Having been well prepared by his Recollet uncle, by Bossu, and by the lessons of McCarthy, Demers had begun teaching science during the academic year 1801–2, and his first course notes were dated 1804. The material was divided into three parts – mathematical, systematic, and experimental physics – according to a plan derived from the Dictionnaire de physique . . . (3v., Avignon, France, 1761) by Aimé-Henri Paulian. He also drew upon the works of Mathurin-Jacques Brisson, Jean Saury (Sauri), Nicolas-Louis de La Caille, and Joseph-Jérôme Lefrançois de Lalande, as well as from the Histoire du galvanisme et analyse des différens ouvrages publiés sur cette découverte, depuis son origine jusqu’à ce jour (4v., Paris, 1802–5), published by Pierre Süe. His physics course, based on mathematics and informed by the latest advances, was already good but in 1809–10 he prepared a new one, organized on the plan of Brisson’s Traité élémentaire ou principes de physique fondés sur les connaissances les plus certaines, tant anciennes que modernes, et confirmés par l’expérience (3v., Paris, 1789). With 18 chapters and 970 articles, Demers’s course goes from the general properties of bodies to galvanism. Magnetism, electricity, and galvanism are the subjects of three successive chapters that are informed by the latest discoveries and most recent publications. Starting in 1817 Demers drafted a third course, using the same outline and enlarging his notes with corrections and additions. In 1833 he undertook a final revision for publication, which was halted by the letter from his colleague Holmes.

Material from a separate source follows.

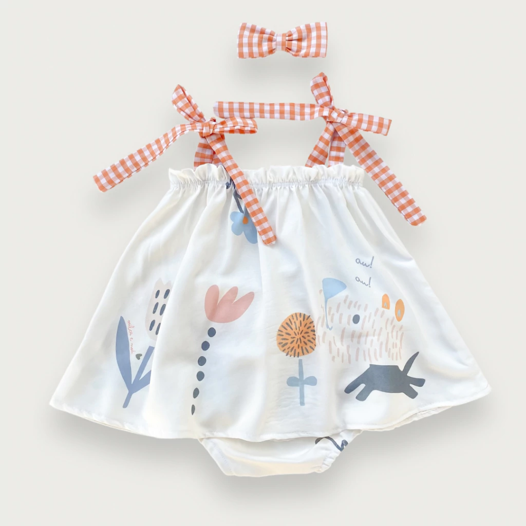Com uma modelagem soltinha estilo saiote, o vestido garante a liberdade que as pequenas precisam para brincar e explorar o dia todo. As alcinhas com lacinho ajustável dão o toque delicado, permitindo um ajuste perfeito e muito estilo. E, para completar o visual, o conjunto vem com calcinha e lacinho de cabelo, combinando perfeitamente para um look fofo e prático.

From the beginning Demers had wanted to set up a physics laboratory by putting together a few instruments himself with the help of the seminary’s craftsmen, and at the same time bringing in other equipment from England. In 1806, he and Félix Gatien* opened a “museum,” which eventually became a physics laboratory. Thanks to Demers’s knowledge of mathematics and physics, philosophy students, not only at the Séminaire de Québec but also at the Séminaire de Nicolet, the Collège de Saint-Hyacinthe, and the Collège de Sainte-Anne-de-la-Pocatière, where his course notes were used, received first-class scientific instruction.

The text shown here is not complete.